DESCRIPTION OF THE TASK |
Output all of the lines below exactly, and leave out each image.

COLLECTED DATA |
-=-=-

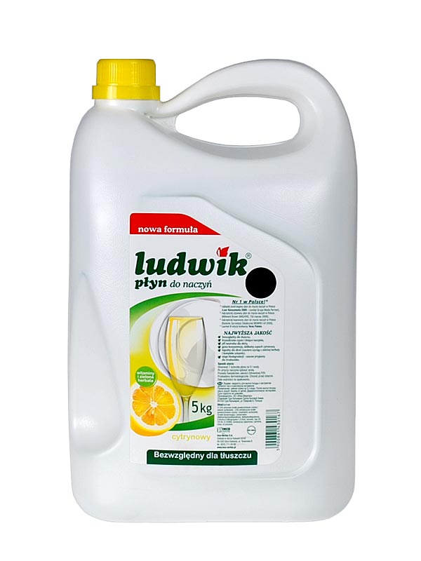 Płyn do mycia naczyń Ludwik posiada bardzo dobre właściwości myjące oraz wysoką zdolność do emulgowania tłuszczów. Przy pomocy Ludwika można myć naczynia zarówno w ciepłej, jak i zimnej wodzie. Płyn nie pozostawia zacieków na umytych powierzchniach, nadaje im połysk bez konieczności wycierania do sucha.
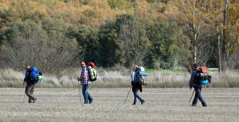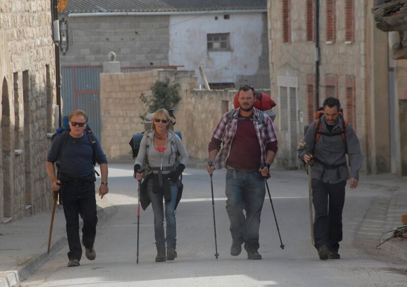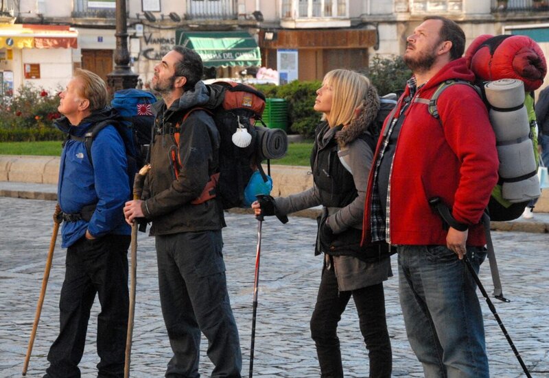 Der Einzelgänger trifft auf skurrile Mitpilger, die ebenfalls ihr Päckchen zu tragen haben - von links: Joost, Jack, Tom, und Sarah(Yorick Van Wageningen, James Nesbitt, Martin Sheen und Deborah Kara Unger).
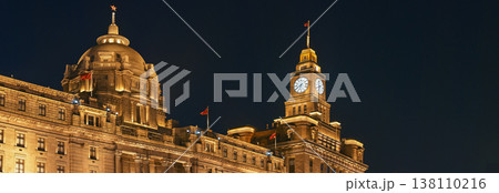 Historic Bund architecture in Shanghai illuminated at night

-=-=-

ANSWER BOX |
 Płyn do mycia naczyń Ludwik posiada bardzo dobre właściwości myjące oraz wysoką zdolność do emulgowania tłuszczów. Przy pomocy Ludwika można myć naczynia zarówno w ciepłej, jak i zimnej wodzie. Płyn nie pozostawia zacieków na umytych powierzchniach, nadaje im połysk bez konieczności wycierania do sucha.
 Der Einzelgänger trifft auf skurrile Mitpilger, die ebenfalls ihr Päckchen zu tragen haben - von links: Joost, Jack, Tom, und Sarah(Yorick Van Wageningen, James Nesbitt, Martin Sheen und Deborah Kara Unger).
 Historic Bund architecture in Shanghai illuminated at night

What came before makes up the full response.